Due to the high heterogeneity of the studies included in the meta-analysis, a gender analysis of prevalence was performed (Figure 4). Only four studies provided sex-dependent data. Non-significant associations for men (OR 1.61; 95% CI (0.82–3.16); Q = 11.80; p = 0.0189) or women (OR 0.77; 95% CI (0.29–2.03); Q = 21.35; p = 0.0003) were observed. However, the heterogeneity still showed high value in all the sub-analyses that were performed (including the quality of the studies and without any transformation), due to the heterogeneity of the methodologies, the types of studies and other parameters that were not taken into consideration for the analysis of the prevalence of sarcopenia.

Figure 4.

Figure 4

Prevalence of sarcopenia according to the sex of the participants. MSP, men sleep poorly; MSW, men sleep well; SWP, women sleep poorly; and WSW, women sleep well.

4. Discussion

The main finding of this research is that those subjects having inadequate sleep show a higher prevalence of sarcopenia values than those who reported adequate sleep. In addition, our results revealed a high prevalence of sarcopenia in older adults.

The results showed that a higher prevalence of sarcopenia values from those who do not sleep adequately were almost twice the value of the grouped prevalence, according to the model and the transformation that were used in the analysis. In line with our findings, Chien et al. [36], observed a significant association between sleep duration and the prevalence of sarcopenia on a sample of 488 adults (224 men and 264 women) from Taiwan, even though the assessment of sarcopenia was performed by electrical bioimpedance (BIA). Moreover, in the only study carried out in Europe, focused on the German subjects [19], similar results to those described above were observed, with the addition of the association between the sleep length and the quantity of muscle mass and recommending longitudinal studies to better understand the potential association. Similarly, Hu et al. [38] observed a relationship between sleep hours and sarcopenia in a Chinese cohort (n = 920, 95 cases). However, in this case, a U-shaped association in the prevalence of sarcopenia was obtained, in which older adults with short or long sleep length obtained higher values compared to those with normal sleep duration.
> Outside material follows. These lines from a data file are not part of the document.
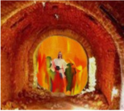
Three Men in the Fire

The three men were finally dragged away and bound in their cloths to be thrown into the furnace. The three were “ bound in their coats, their hosen, and their hats and their other garments and were cast into the midst of the burning fiery furnace. ” Dan 3:21 They did not suffer the humiliation of being naked. They were taken, fully bound in their garments. An odd thing to do to men you are about to roast. But the spiritual symbolism is apparent. We are given a picture book lesson to be aware of our spiritual garments. What have you clothed your spiritual countenance in, brothers and sisters? These men were clothed from head to foot. They had a hat (of salvation); hosen (to cover their legs and feet for the preparation of the gospel of peace); coats (of praise) and other garments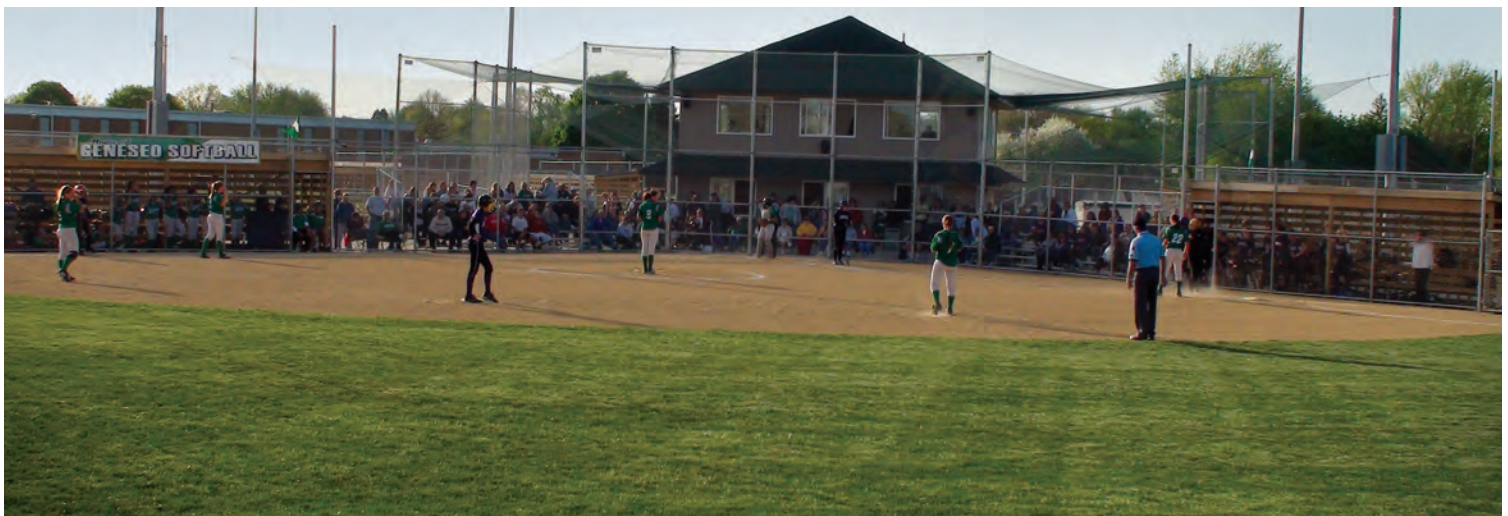
Fans enjoy watching a Geneseo High School softball game at the newly constructed J.F. Edwards Softball / Baseball complex. GIFT was proud to award a grant to this community project that was completed with 100% volunteer labor and funded entirely by the community.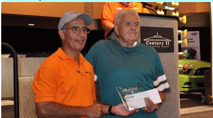
First In Class - BlackTop Nationals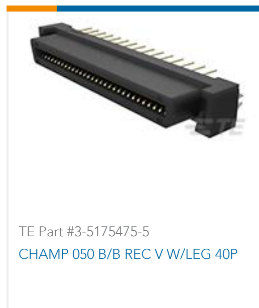
TE Part #3-5175475-5 CHAMP 050 B/B REC V W/LEG 40P BLACK Z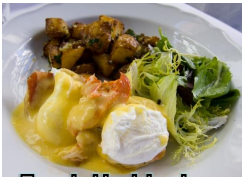
Fresh Haddock with Lobster Hollandaise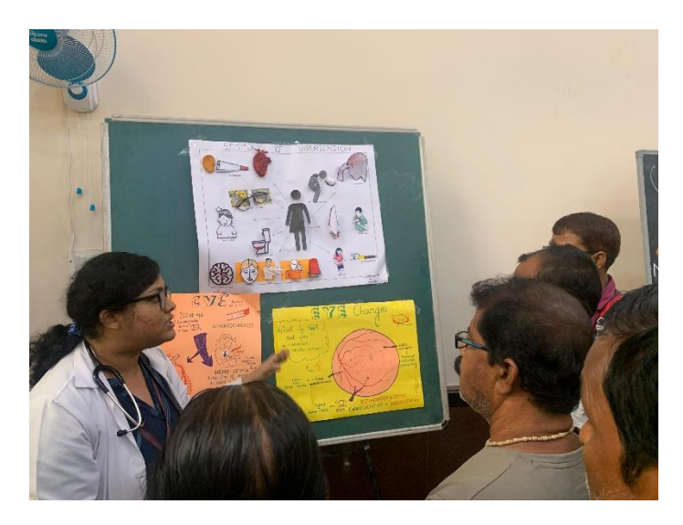
Figure 2: Awareness programme on Hypertension observed on 17th May, 2024

One plausible explanation to this findings is that the participants with an inefficient sleep may have differences in hormonal regulation (anabolic and catabolic balance), with elevated levels of cortisol (catabolic hormone promoting protein degradation), and low levels of IGF-1 (anabolic hormones promoting protein synthesis), developing a positive balance towards muscle degradation and, therefore, favoring the loss of muscle mass [19,40]. Likewise, Buchmann et al. [19] also observed elevated c-reactive protein (CRP) values. CRP is a pro-inflammatory cytokine and has been proposed as a possible cause of muscular atrophy [41] and also associated with sleep deprivation in high concentrations [42]. The sleep restriction generates hormonal imbalances and pro-inflammatory effects, favoring the loss of muscle mass with age. This could be one reason for the higher prevalence of sarcopenia values of sarcopenia in people with inadequate sleep. We must consider that the losses of muscle strength and muscle mass are associated and, therefore, related to a decrease in the functional capacity and quality of life [43]. Further studies to determine the effects of sleep deprivation in patients diagnosed with sarcopenia are necessary.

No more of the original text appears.